I've tried to solve this problem at the end of the contest, but my mental state after fighting with G for an hour was not ideal :) I realized that I needed to speed up the standard quadratic approach 64 times using bitsets, but could not find a good way to do that. Can you see a way?

Thanks for reading, and check back [hopefully] tomorrow for my take on the best problems of 2018!

Saturday, December 29, 2018

A wave week

The Dec 17 - Dec 23 week contained a surprise extra Open Cup round: Open Cup 2018-19 Grand Prix of Xi'An (results, top 5 on the left, official round results, overall Open Cup standings so far). The Moscow SU team solved three problems in the last hour, including problem A which was solved by only three teams out of 150 attempts, and ended up winning by a problem. Congratulations on the great performance!

Codeforces Round 528 followed on Sunday evening (problems, results, top 5 on the left, analysis). It was mnbvmar's turn to be the only contestant to solve the hardest problem F, and thus win with a huge margin. Congratulations on the victory!

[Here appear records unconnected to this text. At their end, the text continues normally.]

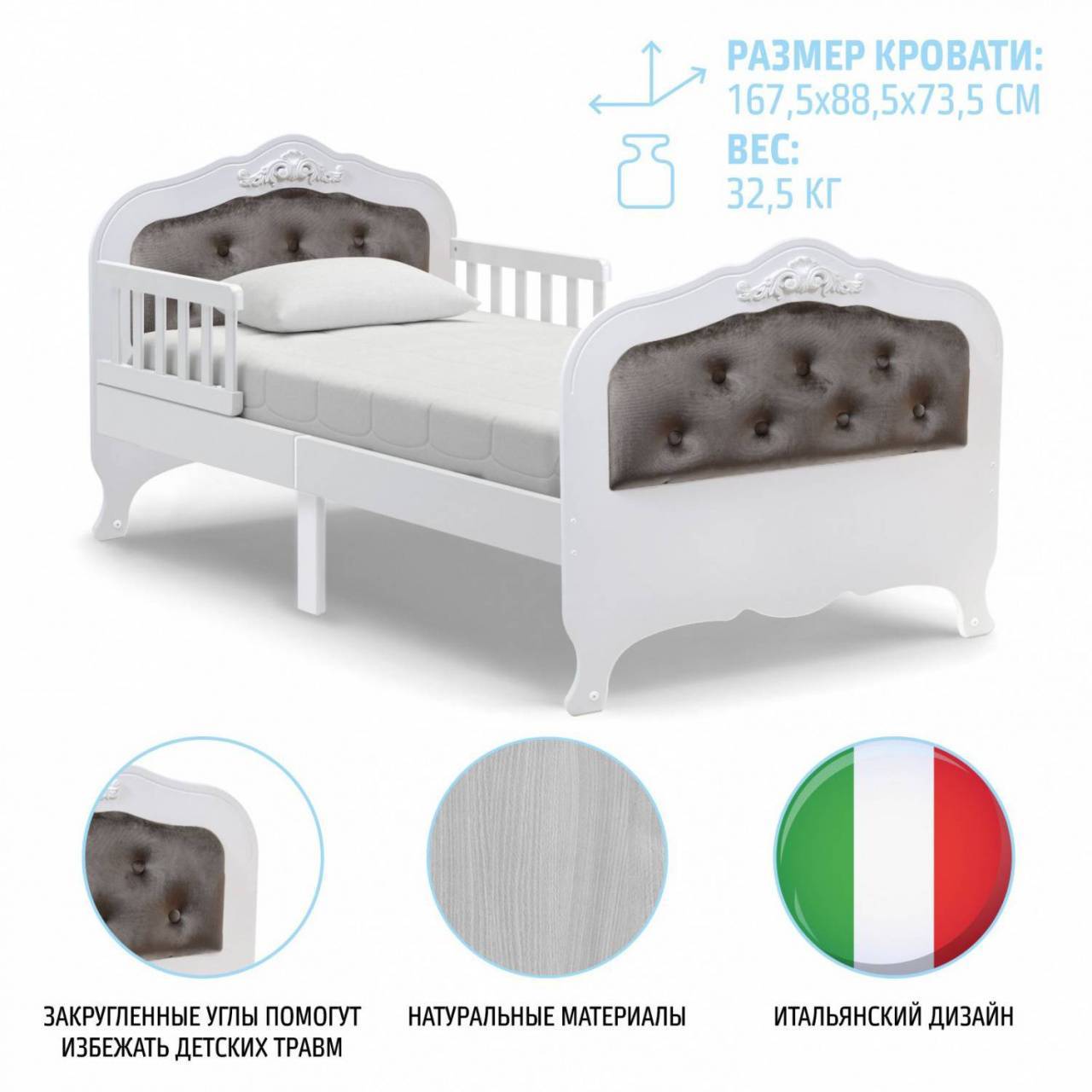 - Габариты подростковой кровати: 167.5х88.5х73.5 см
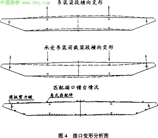 6mm)偏差,而且标高测点不在同一位置;运输及吊装影响等。为了保证主控点标高和桥轴线满足设计要求,在必保顶板匹配的前提下,底板的缝口可适当调整,但不大于15mm。
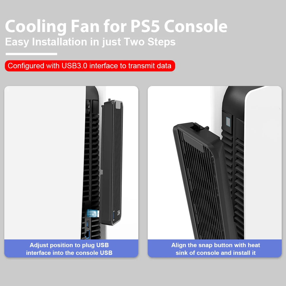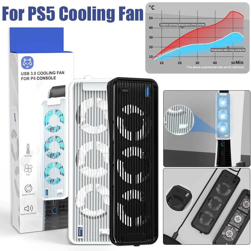Ventilador de refrigeración USB3.0, accesorios de juego de refrigeración, ventilador enfriador silencioso, luz LED de 5500RPM con 3 ventiladores para Playstation 5 Disc y edición digital
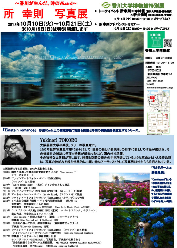 1992年世界写真見本市「フォトキナ92」で「世界の新しい表現者」の日本代表として作品が選ばれ、その後、海外の雑誌に何度も特集が組まれるなど国内外で活躍している高松市出身の写真家所幸則氏の写真を展示します。独特の世界観が写し出す時間と空間の歪みの中を浮遊しているような作品は、写真の枠組みを超え世界的にも類い稀なアーティストとして写真界以外からも注目されています。所幸則氏の初期から最新作までの世界を一貫して見通すことが出来る展示です。

In my previous summary, I have mentioned several problems. The first one came from TopCoder: you are given a rooted tree with 100000 vertices. Each vertex has a demand d_i and a cost c_i. Your goal is to assign some non-negative value v_i to each vertex so that the demand of each vertex is less than or equal to the sum of values on the path from this vertex to the root of the tree, and the sum of c_i*v_i is minimized.

Let's look at the top-most vertices with non-zero value in the solution (such that all their parents and ancestors have zero value). Those vertices are not parents of one another, and thus they satisfy exactly one unit of demand of themselves and their descendants. If we now reduce their value by 1 and repeat, we can split into our solution into "waves" each wave satisfying one unit of demand in all remaining vertices with non-zero demand.

We can also notice that each wave can be constructed as follows: first, start with a wave that contains only the root vertex. Then repeatedly do the following: take any vertex with zero demand that is in the wave, remove it from the wave but add all its children. Each such operation changes the cost of the wave by the sum of costs of the children minus the cost of the removed vertex. Let's call this value the delta of the removed vertex.

Now we'll build the waves one by one while always maintaining the minimum cost wave. Initially such wave is just a root vertex. As soon as the number of waves we've built reaches the demand of a vertex, this vertex becomes available for replacement, which would change the weight of the wave by its delta. If the delta is positive, we don't need to do anything. If the delta is negative, and the vertex is in the minimum cost wave, then we need to do the replacement. If the delta is negative but the vertex is not yet in the minimum cost wave, we will need to do its replacement as soon as it gets into the wave, in other word we should add its delta to the delta of its parent. If the delta of the parent becomes negative, then we propagate it to its parent, and so on, so that at every moment we have only the optimal wave plus some non-negative deltas remaining.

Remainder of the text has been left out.